Quarante-quatre ans après, la réévaluation est en cours. La critique académique et musicologique des années 2010-2020 a progressivement réhabilité les albums de McCartney que la critique roc de 1970-1990 avait méprisés. Ram est aujourd’hui considéré comme un classique. Chaos and Creation in the Backyard est unanimement salué. Tug of War n’a jamais eu besoin de réhabilitation — il a toujours été respecté — mais il a besoin d’être entendu tel qu’il est, pas tel que sa réputation le représente : pas seulement l’album d’Ebony and Ivory, mais l’album d’Here Today, de Wanderlust, de Take It Away, et d’une douzaine de chansons qui montrent un artiste travaillant à maintenir quelque chose d’intact dans un moment de sa vie où presque tout vacille.
Épilogue : quarante-quatre ans après, la corde tient encore
Le 26 avril 1982, Paul McCartney publie son disque en sachant que les reviews seront bonnes ou mauvaises, qu’Ebony and Ivory dominera les charts, que Here Today fera pleurer quelques-uns et laissera les autres indifférents, et que dans dix ans, vingt ans, quarante-quatre ans, quelqu’un écrira un article à son sujet en essayant de comprendre ce qu’il voulait dire.
Il voulait dire plusieurs choses à la fois, et c’est précisément ce qui rend Tug of War remarquable. Il voulait dire : je continue. Il voulait dire : John manque. Il voulait dire : la musique n’est pas morte avec Wings ni avec Lennon. Il voulait dire : les forces contraires ne se neutralisent pas nécessairement, elles peuvent coexister dans un même espace sonore. Il voulait dire : le passé et le présent peuvent tenir ensemble dans un même album si on organise suffisamment bien l’espace.
Quarante-quatre est un nombre sans magie ronde. Ce n’est pas cinquante, ce n’est pas vingt-cinq. Mais peut-être que cette absence de magie lui confère précisément son intérêt. Au bout de quarante-quatre ans, l’album n’est plus en train d’être fêté. Il est simplement là. Il appartient au temps long. Il a survécu à des décennies de révolutions stylistiques — le hip-hop, la techno, la britpop, l’indie, le streaming, les algorithmes —, et il reste audible, reconnaissable, humainement chargé.

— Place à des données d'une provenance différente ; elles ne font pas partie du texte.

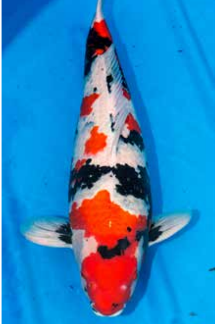
Phong Ta, 76cm Showa

George Martin est mort le 8 mars 2016, à l’âge de quatre-vingt-dix ans. Carl Perkins est mort le 19 janvier 1998. Denny Laine est mort le 5 décembre 2023, à soixante-dix-neuf ans. La liste de ceux qui ont participé à Tug of War et qui ne sont plus là s’allonge. Ringo Starr, Stevie Wonder, Paul McCartney sont encore parmi nous, mais la plupart des personnes présentes dans ce studio montserratais en février 1981 appartiennent désormais à une génération dont le nombre diminue.

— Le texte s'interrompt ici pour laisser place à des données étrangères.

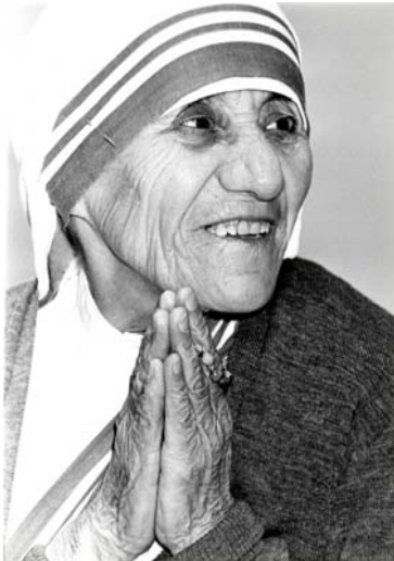
Mother Teresa (born 1919, died 1997)

In her lectures, Mother Teresa communicated the message that, even in a country like Japan that is rich materially, there are many persons who suffer from spiritual hunger.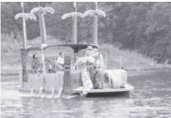
Left: "Aloha" Pontoon Second Place, Blaha, A16

Ce constat, loin d’être morbide, donne à Tug of War une dimension supplémentaire : c’est un disque qui documente un moment précis de l’histoire de la musique populaire, capturé avec un soin et une précision qui lui permettent de rester vivant. George Martin et Geoff Emerick — qui a lui-même disparu en 2018 — ont construit quelque chose qui résiste. La chanson pop la mieux construite est celle qui peut encore être chantée à voix nue, sans amplification, et qui tient quand même. Here Today le peut. Wanderlust le peut. Take It Away le peut.

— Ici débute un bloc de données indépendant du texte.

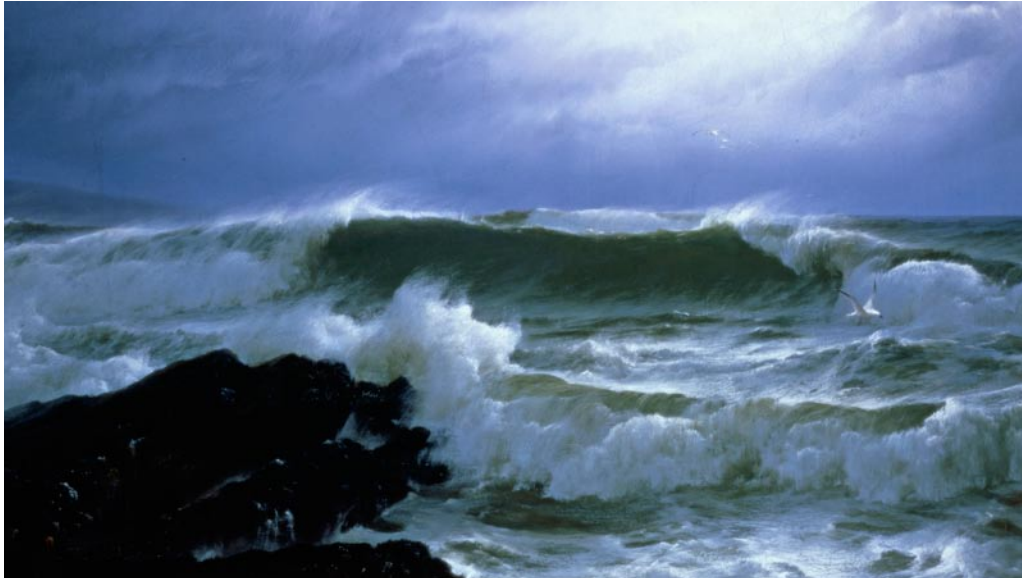
Systems for extracting energy from ocean waves are being developed outside Lysekil and there are plans to build a wave energy park.

George Martin a aidé à organiser cet espace. Geoff Emerick l’a enregistré. Ringo Starr, Stevie Wonder, Carl Perkins, Stanley Clarke, Eric Stewart, Denny Laine l’ont habité. Et Paul McCartney l’a traversé en chantant des chansons qui, quarante-quatre ans plus tard, résistent à l’érosion parce qu’elles sont construites sur quelque chose de plus solide que l’actualité : elles sont construites sur la conviction que la chanson peut contenir ce que la vie inflige.
Tug of War ne prétend pas avoir résolu les contradictions qu’il pose. Il prétend seulement les tenir ensemble le temps d’un album. C’est beaucoup. C’est même, à bien y regarder, tout ce que la grande pop peut espérer faire.
Le 26 avril 1982, McCartney tirait sur la corde. Le 26 avril 2026, la corde vibre encore.